Abstract：Objective To examine the causal relationship between inflammatory cytokines and premature ovarian insufficiency (POI) using bidirectional Mendelian randomization (MR) approach, so as to provide the basis for the prevention and treatment of POI. Methods The data for 91 inflammatory cytokines were sourced from the IEU OpenGWAS database, comprising 14 824 participants. GWAS data for POI were sourced from the FinnGen database, including 118 484 individuals (among which 254 were POI cases). MR analysis was performed using the inverse variance weighted (IVW) method with inflammatory cytokines as exposure and POI as the outcome for forward MR analysis and POI as the exposure and inflammatory cytokines as outcome for reverse MR analysis. Sensitivity analysis were conducted using Cochran's Q test, MR-Egger regression, and the MR-PRESSO test. Results Forward MR analysis demonstrated statistically significant associations between POI and interleukin-10 (OR=0.410, 95%CI: 0.233-0.721), interleukin-33 (OR=2.826, 95%CI: 1.228-6.504), C-C motif chemokine ligand 19 (OR=0.583, 95%CI: 0.364-0.932), monocyte chemoattractant protein-3 (OR=0.559, 95%CI: 0.335-0.936), interleukin-18 receptor 1 (OR=1.370, 95%CI: 1.030-1.821), and interleukin-13 (OR=1.990, 95%CI: 1.034-3.832). Reverse MR analysis revealed significant negative associations between POI and 15 inflammatory cytokines, including C-C motif chemokine ligand 23 (OR=0.981, 95%CI: 0.968-0.994) and axin-1 (OR=0.978, 95%CI: 0.963-0.994). Sensitivity analysis showed no evidence of heterogeneity or horizontal pleiotropy (all P>0.05). Conclusion Elevated levels of interleukin-33, interleukin-18 receptor 1 and interleukin-13 were associated with an increased risk of POI, while POI may be associated with decreased levels of 15 inflammatory cytokines including C-C motif chemokine ligand 23 and axin-1.

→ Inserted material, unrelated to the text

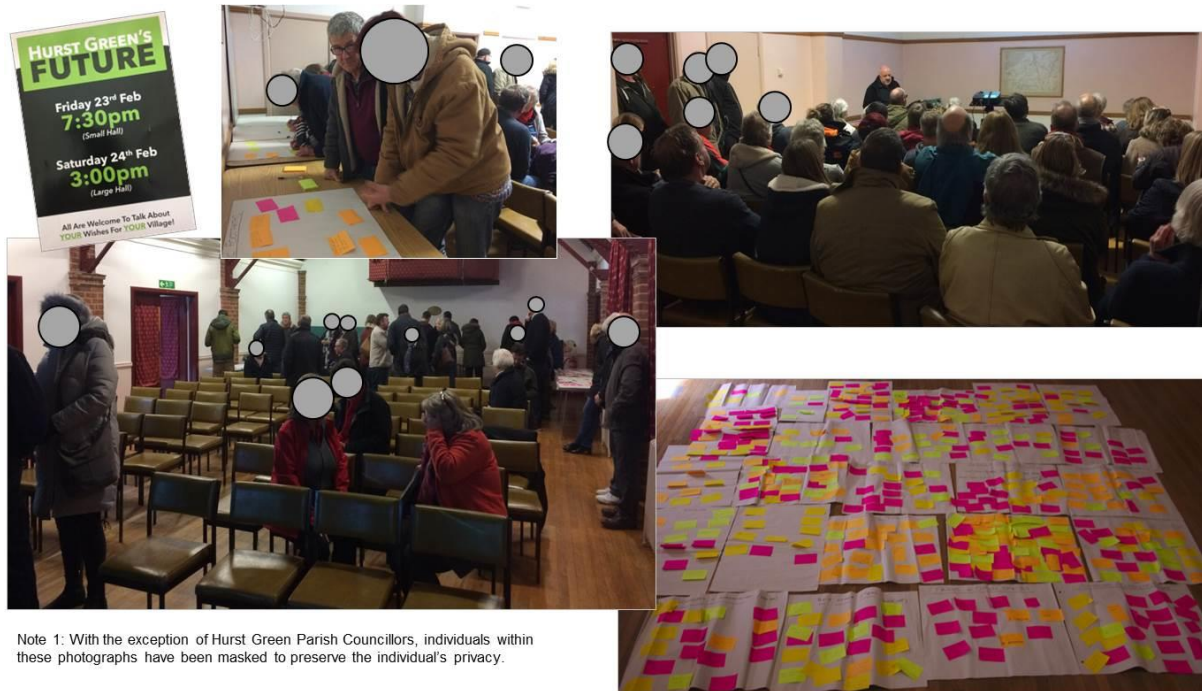
Photographs from the two Kick-Off events, February 2018

2.6. A Terms of Reference (Appendix A) was drawn up by the Parish Council to be considered by the Steering Group, once formed. A Volunteer Information Evening was held on 17 April 2018 to share feedback from the launch events, to talk through the stages of the neighbourhood plan and to seek volunteers to join the Steering Group. This led to 12 people volunteering onto the following Task Groups:

Key words： inflammatory cytokine premature ovarian insufficiency Mendelian randomization

收稿日期: 2024-12-17 修回日期: 2025-03-12

中图分类号:

R711

基金资助:国家自然科学基金项目（82260897）; 贵州省苗医药全省重点实验室（黔科合平台[2025]018）

作者简介: 高增杰,博士研究生在读,中医学专业

通信作者: 孔祥艳,E-mail：314745595@qq.com

引用本文:

高增杰, 孔祥艳, 李来来, 柴艺汇. 炎症因子与早发性卵巢功能不全的双向孟德尔随机化研究[J]. 预防医学, 2025, 37(5): 512-516,520.
GAO Zengjie, KONG Xiangyan, LI Lailai, CHAI Yihui. Association between inflammatory cytokines and premature ovarian insufficiency: a bidirectional Mendelian randomization study. Preventive Medicine, 2025, 37(5): 512-516,520.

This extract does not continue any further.